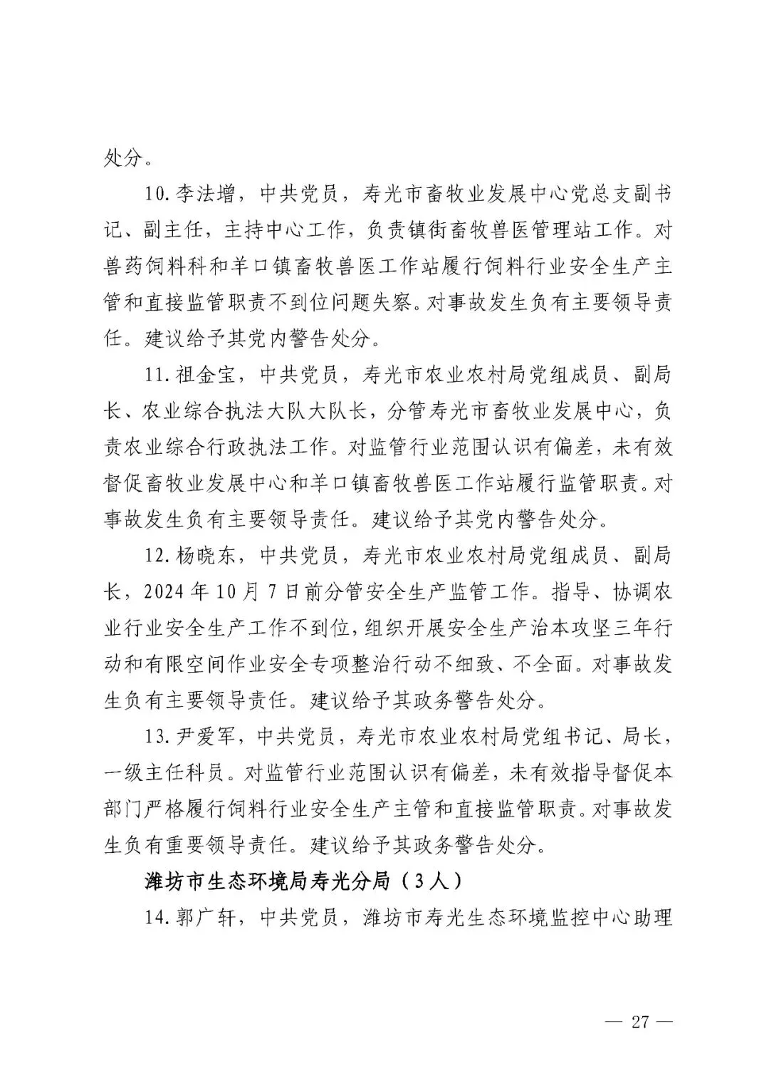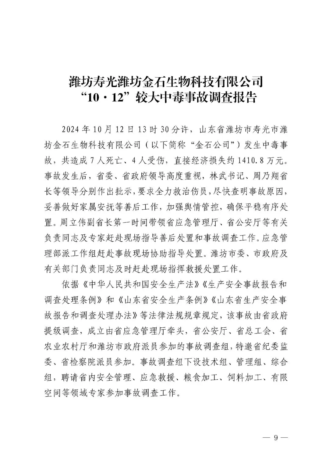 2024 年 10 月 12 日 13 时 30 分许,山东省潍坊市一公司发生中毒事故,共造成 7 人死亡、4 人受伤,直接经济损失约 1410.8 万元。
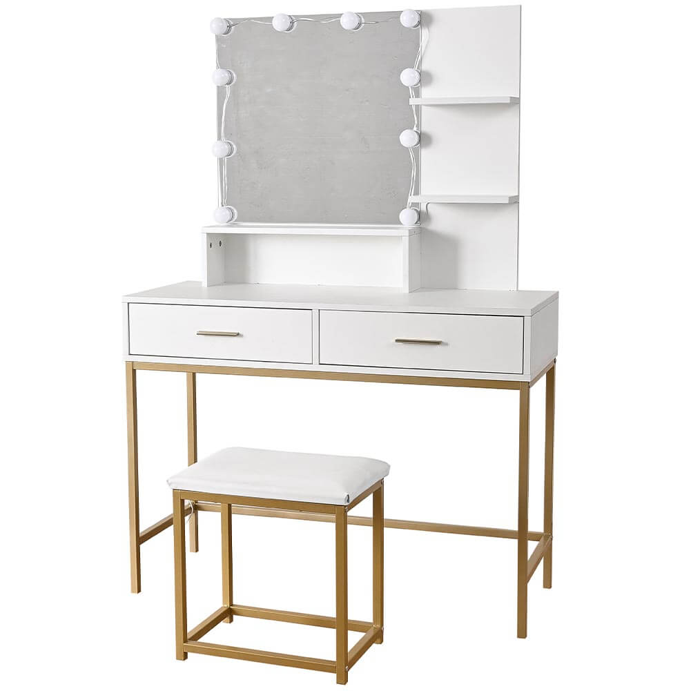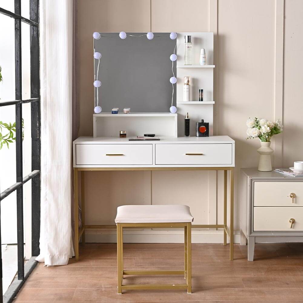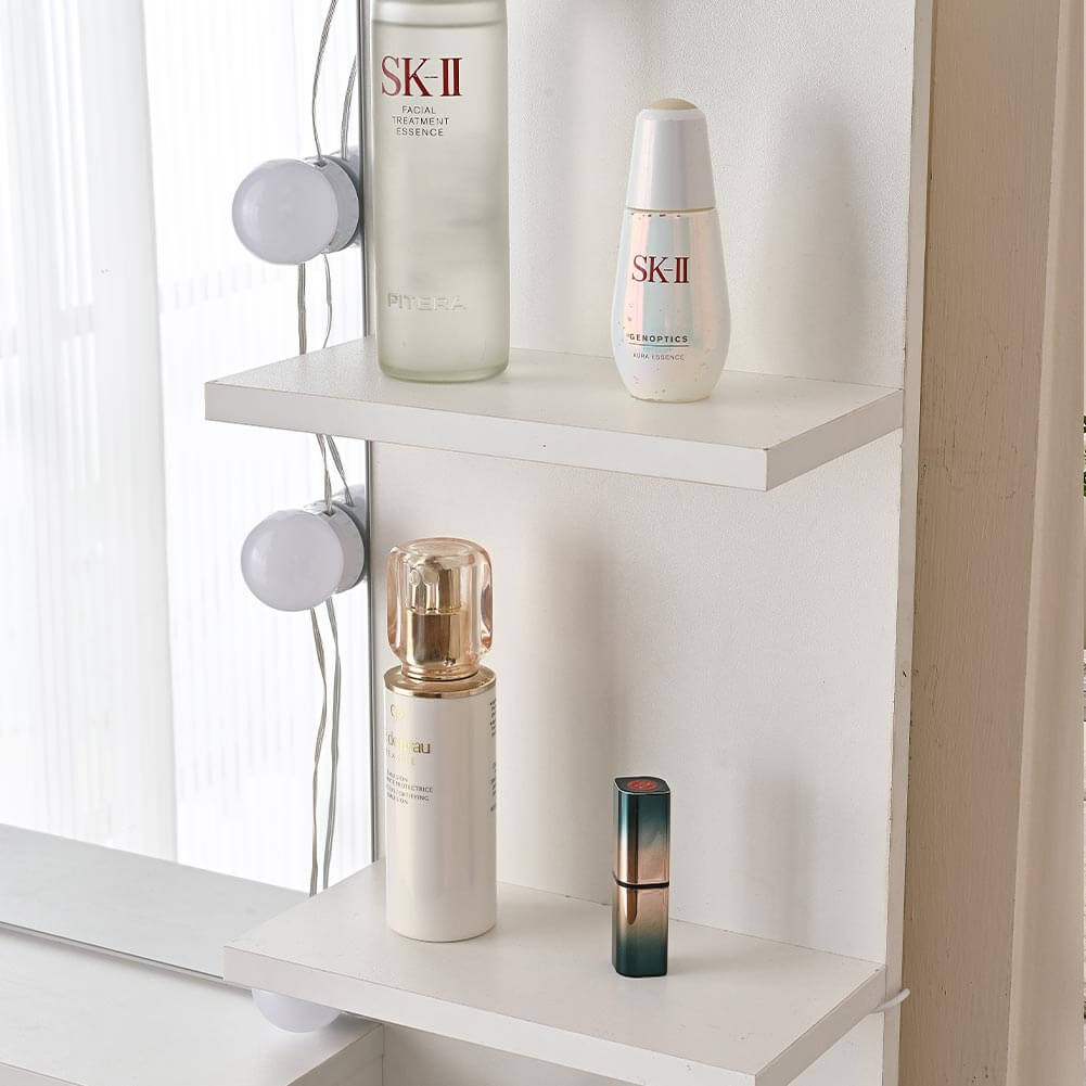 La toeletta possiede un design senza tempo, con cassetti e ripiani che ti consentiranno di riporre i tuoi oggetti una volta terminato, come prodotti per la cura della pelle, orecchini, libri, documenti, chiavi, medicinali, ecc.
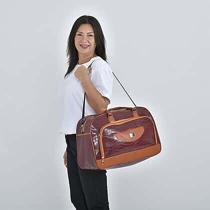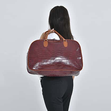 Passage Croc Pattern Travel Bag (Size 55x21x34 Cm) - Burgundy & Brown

+++

Every line of the data above should be returned exactly, with the pictures removed.

 2024 年 10 月 12 日 13 时 30 分许,山东省潍坊市一公司发生中毒事故,共造成 7 人死亡、4 人受伤,直接经济损失约 1410.8 万元。
 La toeletta possiede un design senza tempo, con cassetti e ripiani che ti consentiranno di riporre i tuoi oggetti una volta terminato, come prodotti per la cura della pelle, orecchini, libri, documenti, chiavi, medicinali, ecc.
 Passage Croc Pattern Travel Bag (Size 55x21x34 Cm) - Burgundy & Brown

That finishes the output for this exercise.